Computes a suggested bin width for a histogram using one of several
classical rules. NA values are silently removed before computation.
Arguments
- x
Numeric vector of observations. Must contain at least two distinct, finite, non-
NAvalues.- method
Single character string specifying the binning rule. One of:
"auto"Minimum of Freedman-Diaconis and Sturges (default). Tends to work well across a wide range of distributions.
"sturges"Sturges' rule: \(h = R / (\log_2 n + 1)\). Assumes approximate normality; tends to undersmooth for large \(n\).
"fd"Freedman-Diaconis: \(h = 2 \cdot \mathrm{IQR}(x) \cdot n^{-1/3}\). Robust to outliers. Falls back to Sturges when \(\mathrm{IQR}(x) = 0\).
"sqrt"Square-root rule: \(h = R / \sqrt{n}\). Simple heuristic used by some spreadsheet applications.
"rice"Rice rule: \(h = R / (2 n^{1/3})\). Similar to Sturges but grows more slowly.
"scott"Scott's rule: \(h = 3.49 \hat\sigma n^{-1/3}\). Optimal for normal data in the sense of minimising mean integrated squared error.
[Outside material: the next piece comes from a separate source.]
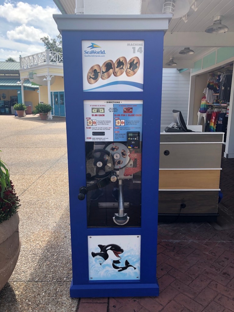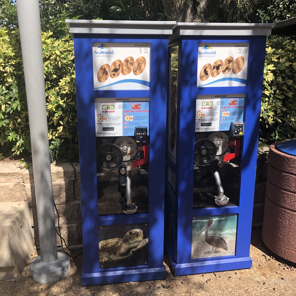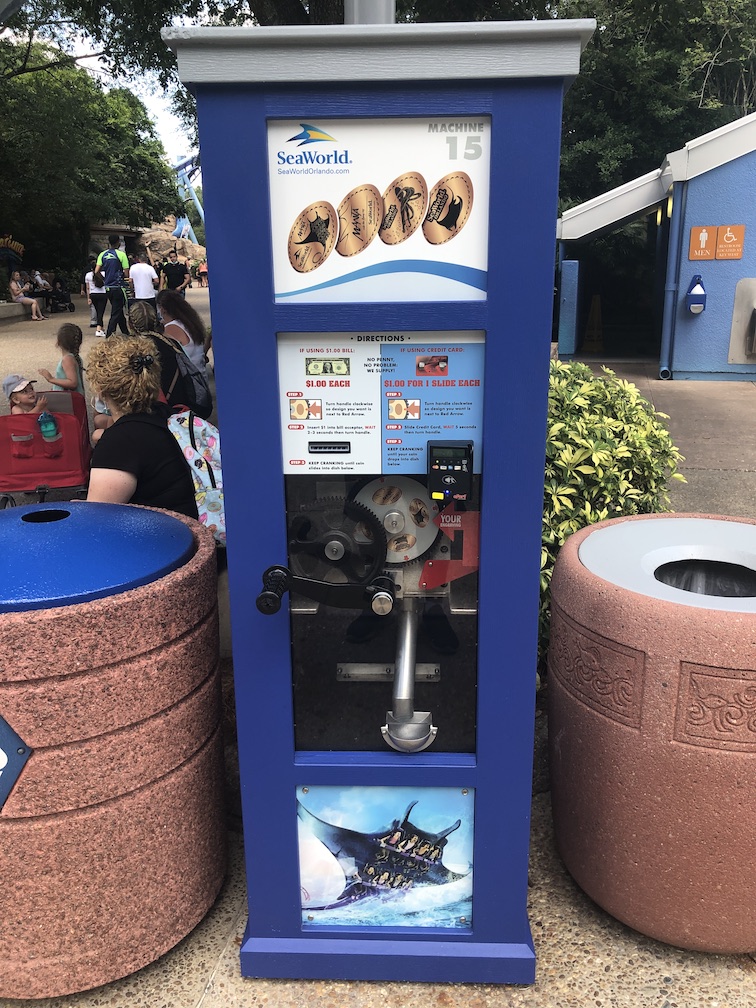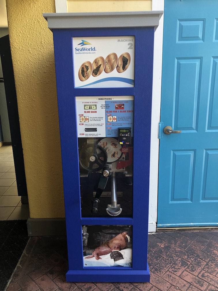 Now let’s get down to business and start reviewing all the pressed penny machines. The first machine is in the SeaWorld Store right at the front of the park after you scan in with your park ticket.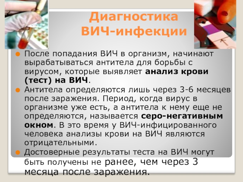 Антитела определяются лишь через 3-6 месяцев после заражения. Период, когда вирус в организме уже есть, а антитела к нему еще не определяются, называется серо-негативным окном. В это время у ВИЧ-инфицированного человека анализы крови на ВИЧ являются отрицательными.

"doane"Doane's rule. Extends Sturges to account for skewness; better suited to non-normal distributions. Requires \(n \ge 3\).
Details
In all formulae, \(R\) denotes the range (diff(range(x))) and
\(n\) the number of non-NA observations.
The "fd" fallback to Sturges when IQR(x) == 0 avoids a zero-width
bin, which can occur with heavily discrete or zero-inflated data.
Errors
The function aborts with an informative message when:
xis not a numeric vector.methodis not a single character string.xcontains no non-NAvalues, or only one.All non-
NAvalues inxare identical (zero range).method = "doane"is requested with fewer than 3 observations (the skewness standard error is undefined for \(n < 3\)).An unrecognised
methodstring is supplied.
Examples
# Continuous data — Freedman-Diaconis
calc_bin_width(rnorm(200), "fd")
#> [1] 0.448634
# Skewed data — Doane corrects for skewness
calc_bin_width(rexp(200), "doane")
#> [1] 0.3778829
# Discrete / zero-inflated data — FD falls back to Sturges
calc_bin_width(c(rep(0, 50), rep(1, 50)), "fd")
#> [1] 0.4308869
# NA values are silently dropped
calc_bin_width(c(NA, rnorm(100), NA), "scott")
#> [1] 0.7285563
# Compare all methods on the same data
x <- rnorm(500)
methods <- c("auto", "sturges", "fd", "sqrt", "rice", "scott", "doane")
vapply(methods, \(m) calc_bin_width(x, m), numeric(1))
#> auto sturges fd sqrt rice scott doane
#> 0.3280859 0.5811504 0.3280859 0.2590091 0.3648492 0.4261072 0.5560889
# Error conditions
try(calc_bin_width(letters)) # non-numeric x
#> Error in calc_bin_width(letters) : `x` must be a numeric vector.
#> ✖ Got an object of class <character>.
try(calc_bin_width(c(1, NA, NA))) # only one non-NA value
#> Error in calc_bin_width(c(1, NA, NA)) :
#> `x` contains only one non-"NA" value.
#> ℹ At least two observations are required to compute a bin width.
try(calc_bin_width(rep(5, 50))) # zero range
#> Error in calc_bin_width(rep(5, 50)) :
#> `x` has zero range: all non-"NA" values are identical.
#> ℹ Bin width is undefined when all observations are the same.
try(calc_bin_width(rnorm(200), "badrule")) # unknown method
#> Error in calc_bin_width(rnorm(200), "badrule") :
#> Invalid `method` argument.
#> ✖ Method "badrule" is not supported.
#> ℹ Allowed methods: "auto", "sturges", "fd", "sqrt", "rice", "scott", and
#> "doane"
try(calc_bin_width(c(1, 2), "doane")) # doane needs n >= 3
#> Error in calc_bin_width(c(1, 2), "doane") :
#> Doane's rule requires at least 3 observations.
#> ✖ `x` has only 2 non-"NA" values after removing "NA"s.
#> ℹ Use a different `method` or supply more data.